In 2017, the share of palm oil in the feedstock has been reduced to less than 20%, being replaced by reclaimed waste oils such as used frying oil, animal and fish fat, and camelina, jatropha, soy and rapeseed oil. Use of reclaimed waste oil reduces the greenhouse gas impact by 88–91%. Neste is continuing to look into new feedstock, including algae, jatropha and microbial oil.

==Use==
This diesel is blended with petrodiesel. A market is created because the European Union required 5.75% of transport fuels should be biofuels by 2010. The EU further decided on 18 December 2008, that by 2020, the share of energy from renewable sources in all forms of transportation be at least 10% of the final consumption of energy. Systems and regions without an electrical grid will be the long-term market for hydrotreated vegetable oils, as the EU prefers electrical use by factor 2.5. In the Helsinki area, the Helsinki Metropolitan Area Council and the Helsinki City Transport conducted a three-year experiment by running buses with 25% Neste Renewable Diesel at first, and then switching to 100% in 2008. The trial, which was the largest field test of a biofuel produced from renewable raw materials worldwide, was a success: local emissions were decreased significantly, with particle emissions decreased by 30% and nitrogen oxide emissions by 10%, with excellent winter performance and no problems with catalytic converters. Since then, Helsinki buses have run on Neste Renewable Diesel.

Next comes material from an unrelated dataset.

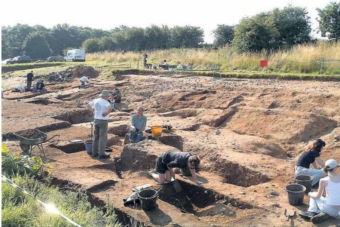
Archaeological dig at Sedgeford

later – while the relocation of the village from south to north in the 11 th century AD remains a major focus of research. SHARP has carried out exploratory work at West Hall, on the site of a moated manor, and at the parish church of St Mary the Virgin, as well in the village itself. There is antiquarian evidence of Pagan Saxon funerary urns and metal detectors have revealed at least one major cemetery of this date: this has generated another set of questions.

As a result of its hydrocarbon nature, Neste Renewable Diesel operates without problems in current diesel vehicles in all climatic conditions. It does not have any of the drawbacks of the traditional ester type FAME biodiesel, such as cold operability, 'best before' date, engine and fuel system deposit formation, risk for microbial growth and water pick up, engine oil dilution and deterioration.

Neste Renewable Diesel can be blended into diesel fuel in any ratio, whereas the use of the traditional FAME biodiesel is limited to maximum 7% by the EN 590 standard in order to avoid technical problems in engines and vehicles.

Following a proposal by VDA, Daimler Trucks and Daimler Buses recommend the biofuel Neste Renewable Diesel as an admixture to petrodiesel.